Con las cifras que se manejan en la actualidad, en todo caso, ciertas características del voto que matizan esta mayoría independentista pueden ponerse sobre la mesa. Hablando en simples términos de eje independentista/no-independentista, parece existir una correlación con el eje urbano/rural. Dicho de otro modo, el tamaño del municipio, el número de habitantes del territorio, es un aspecto fundamental del voto. El bloque de partidos independentistas, como ya se ha comentado, recibe sus apoyos de las provincias menos pobladas, y por ende de los municipios menos poblados. Es sobre todo en los pueblos de menos de 10.000 habitantes donde las formaciones independentistas obtienen más del 50% de los votos; territorios, por otra parte, donde la participación fue en comparación mayor que la de las grandes ciudades, posiblemente porque en ellas hubiera mayor sensación de seguridad sanitaria a la hora de votar. En contra posición, en los municipios y metrópolis más poblados, que da la casualidad que son, en su mayor parte, los de la provincia de Barcelona, en estos las formaciones no-independentistas son las que obtienen la mayoría de votos**. Terrassa, Sabadell, Badalona, L’Hospitalet de Llobregat, la propia capital catalana, todas ellas circunscripciones con mayor número de habitantes que las capitales de provincia Girona y Lleida, en ellas el bloque no independentista se impone, por más o menos puntos porcentuales, pero supera el 50% de apoyos. Esta situación, en cualquier caso, es muy parecida a la de 2017. Los cambios entre bloques han sido escasos: en cerca del 80% de municipios que tuvieron mayoría independentista en las anteriores elecciones se mantienen en el independentismo. Los puntos porcentuales que han permitido a sus partidos superara la franja del 50% parecen explicarse por lo anteriormente aventurado, esto es, un ligero ascenso en algunas ciudades medianas y grandes.

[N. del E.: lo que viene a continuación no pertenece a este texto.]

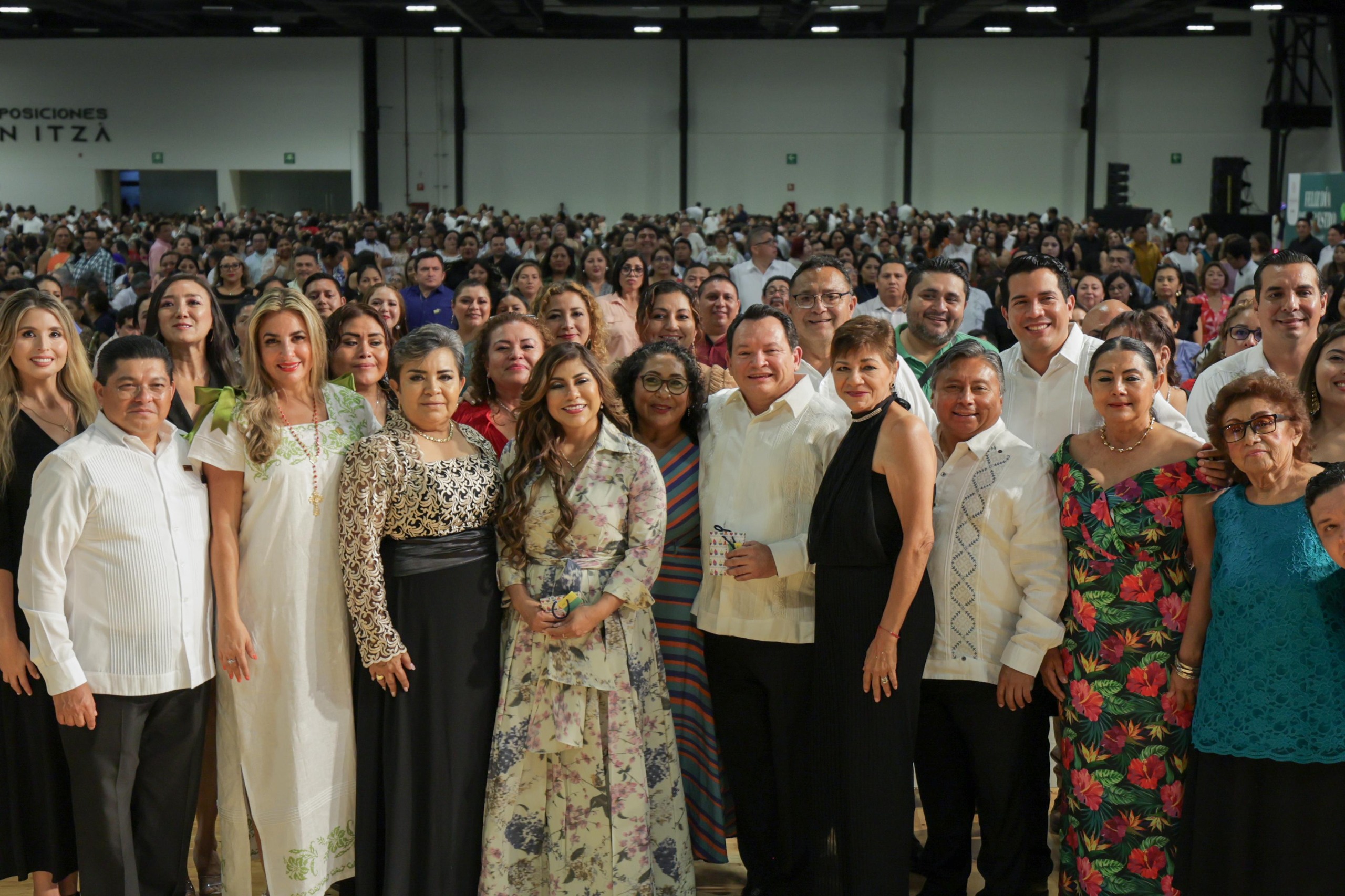 Durante una ceremonia conmemorativa, Díaz Mena expresó que las maestras y maestros son pilares fundamentales en la construcción del presente y el futuro de Yucatán, y destacó que “no hay Renacimiento Maya ni transformación sin el trabajo de quienes educan”.

Lo que está claro es que con casi la mitad de la Comunidad sin participar en estas elecciones, no se puede argumentar con tanto valor como se quisiera que más del 50% de los catalanes y catalanas quieran independizarse. Del mismo modo, se puede deducir que este año son los más politizados quienes que se han atrevido a participar, quienes más en serio creen en el conocido como “conflicto catalán”. Sector de la población de los votantes que tampoco es plenamente representativo del conjunto.